━━━━━ Data ━━━━━

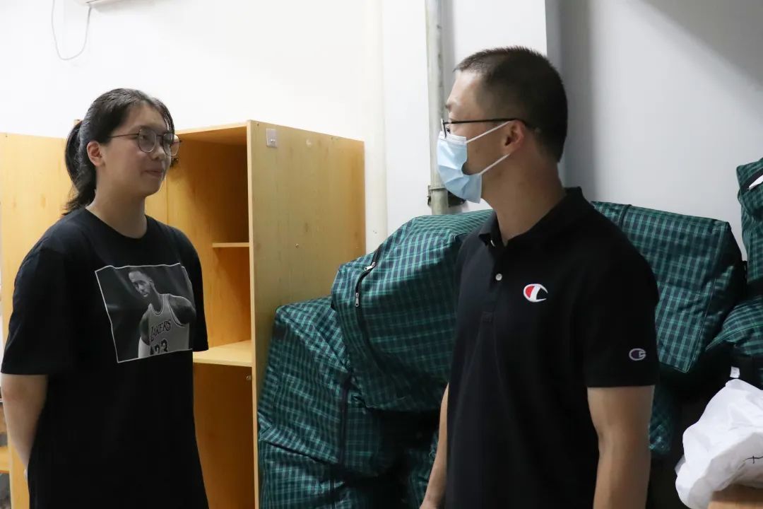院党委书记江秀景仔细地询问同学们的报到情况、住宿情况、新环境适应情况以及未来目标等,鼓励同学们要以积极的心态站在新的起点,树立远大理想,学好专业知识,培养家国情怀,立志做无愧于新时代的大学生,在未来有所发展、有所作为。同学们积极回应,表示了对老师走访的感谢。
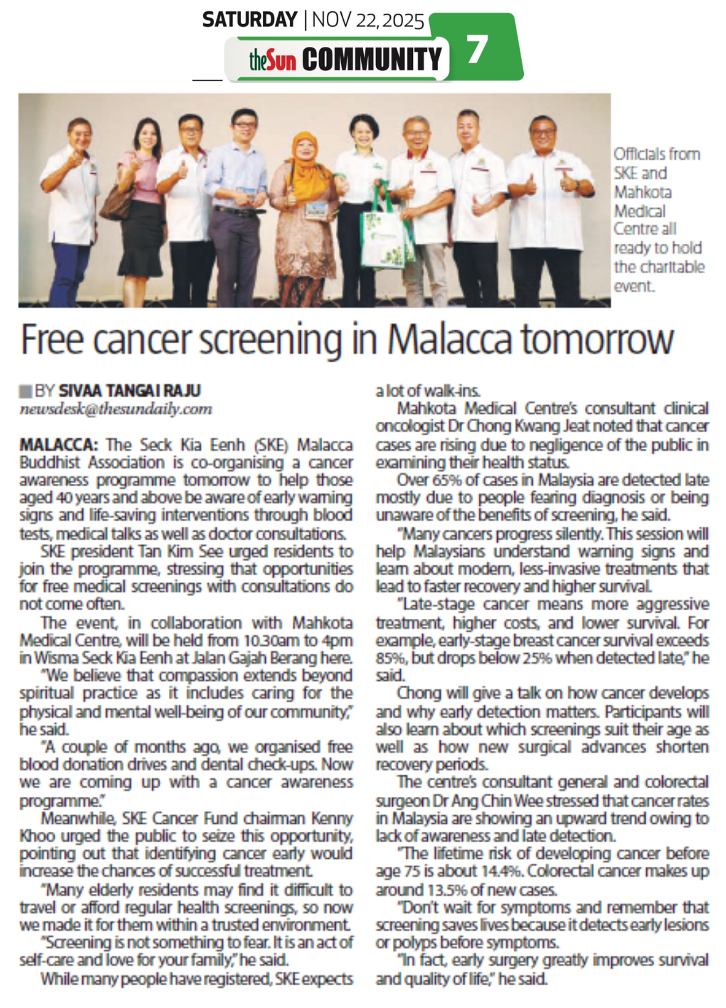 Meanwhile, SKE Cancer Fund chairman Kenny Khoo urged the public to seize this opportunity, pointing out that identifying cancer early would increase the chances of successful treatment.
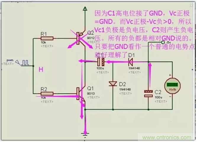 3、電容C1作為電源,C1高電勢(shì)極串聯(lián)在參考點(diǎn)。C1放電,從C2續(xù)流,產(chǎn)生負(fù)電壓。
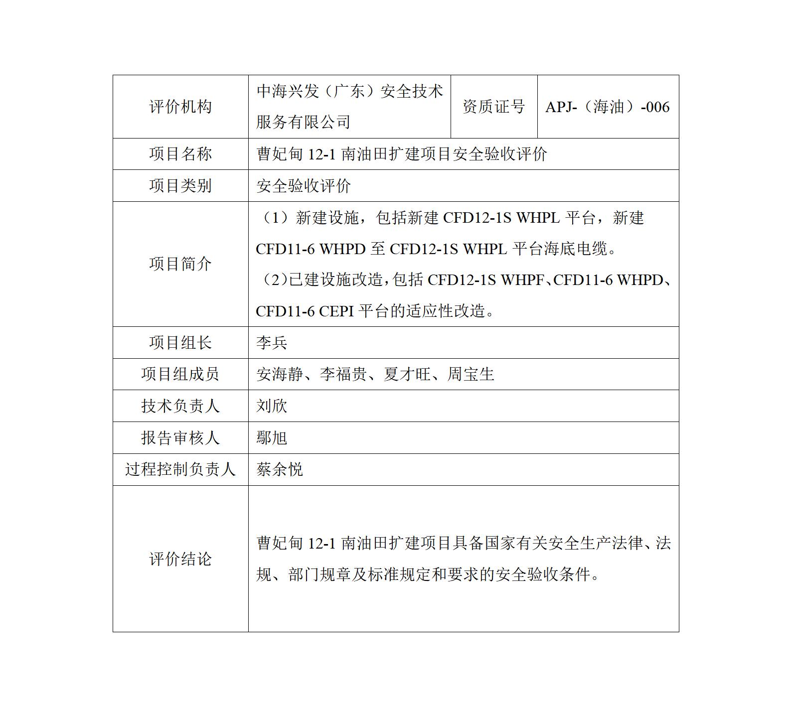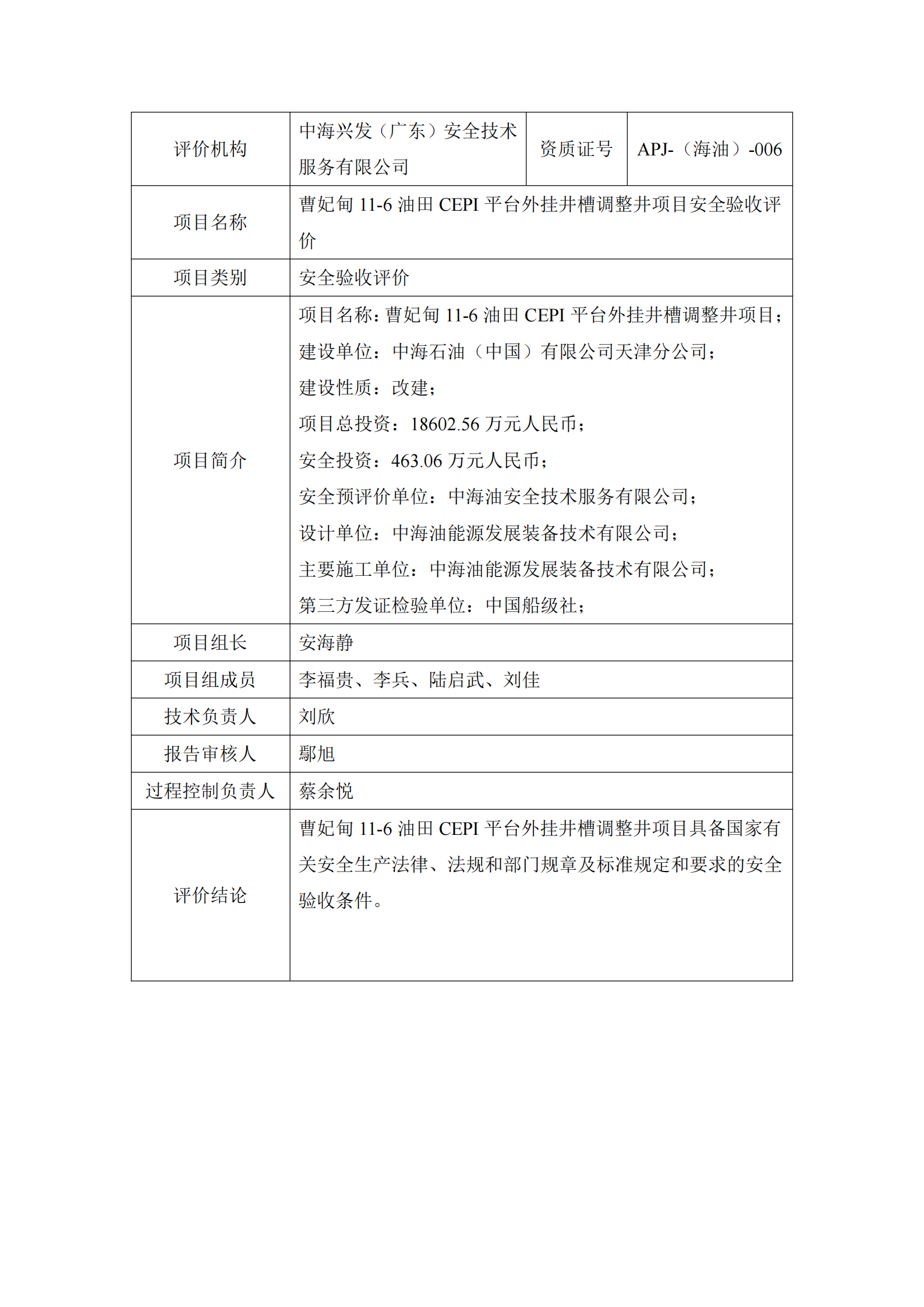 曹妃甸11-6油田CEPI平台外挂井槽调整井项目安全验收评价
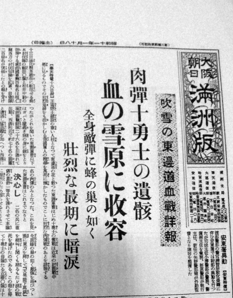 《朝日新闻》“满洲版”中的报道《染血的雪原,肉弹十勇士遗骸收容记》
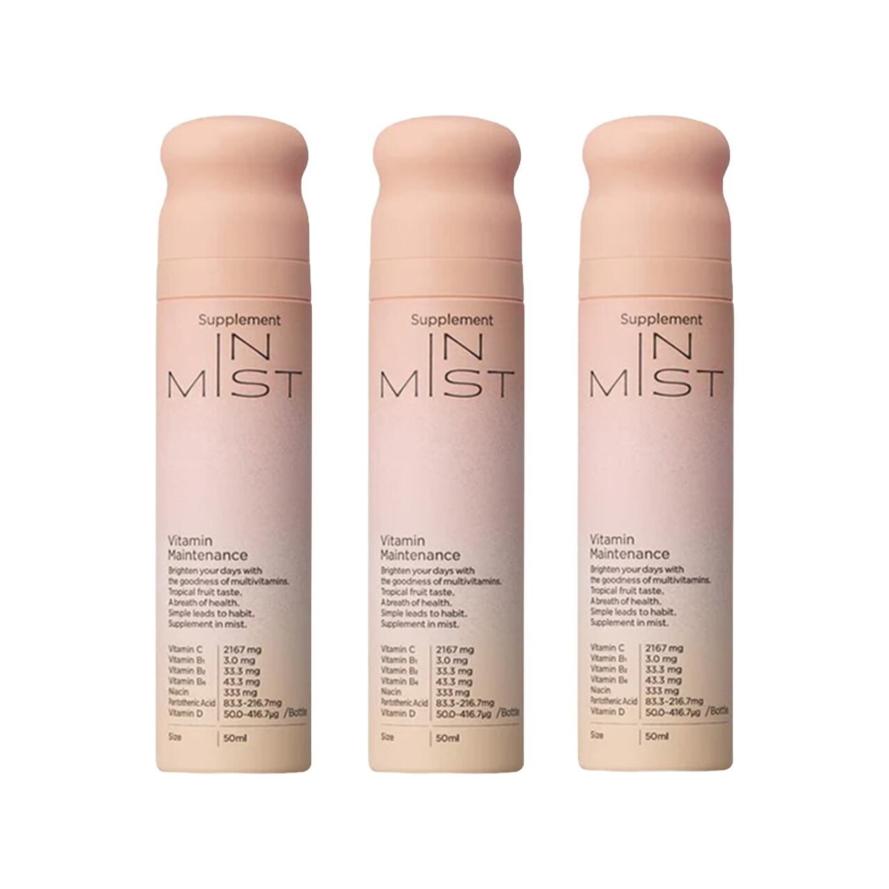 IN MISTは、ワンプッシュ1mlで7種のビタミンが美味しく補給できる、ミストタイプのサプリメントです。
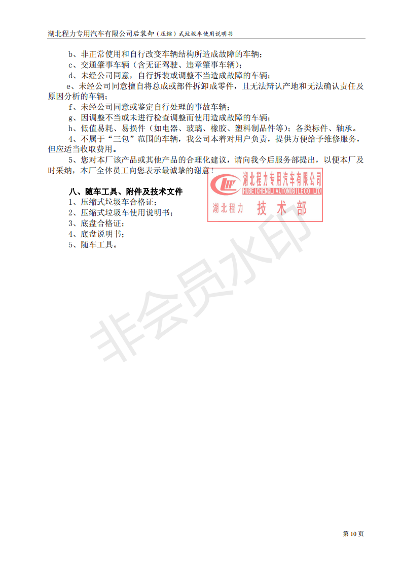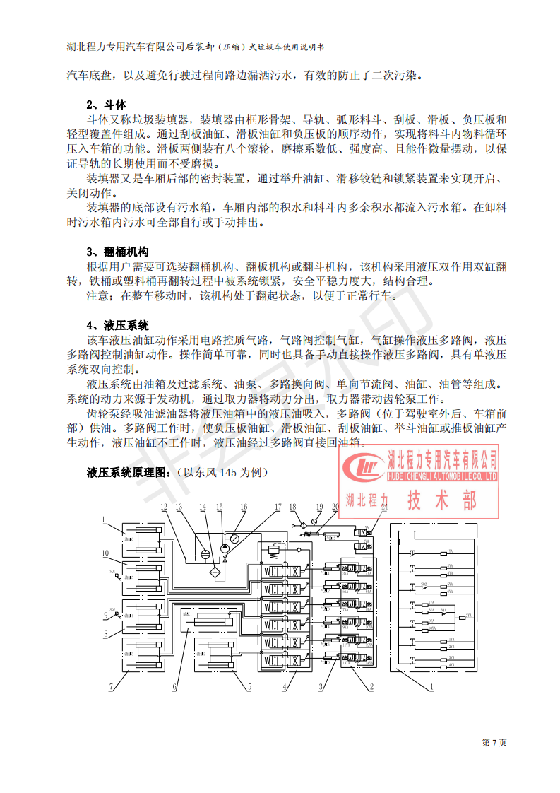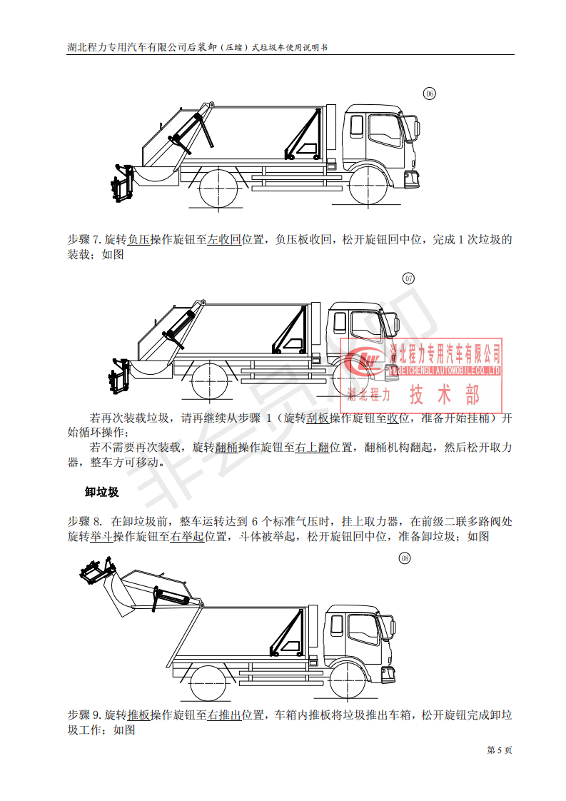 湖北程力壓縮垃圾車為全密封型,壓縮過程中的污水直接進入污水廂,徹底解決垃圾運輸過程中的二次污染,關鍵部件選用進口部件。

━━━━━

What you give back should be exactly the lines from the line holding "IN MISTは、ワンプッシ" through the final line of the material, both ends included, and please leave out the pictures.

> [The answer]
 IN MISTは、ワンプッシュ1mlで7種のビタミンが美味しく補給できる、ミストタイプのサプリメントです。
 湖北程力壓縮垃圾車為全密封型,壓縮過程中的污水直接進入污水廂,徹底解決垃圾運輸過程中的二次污染,關鍵部件選用進口部件。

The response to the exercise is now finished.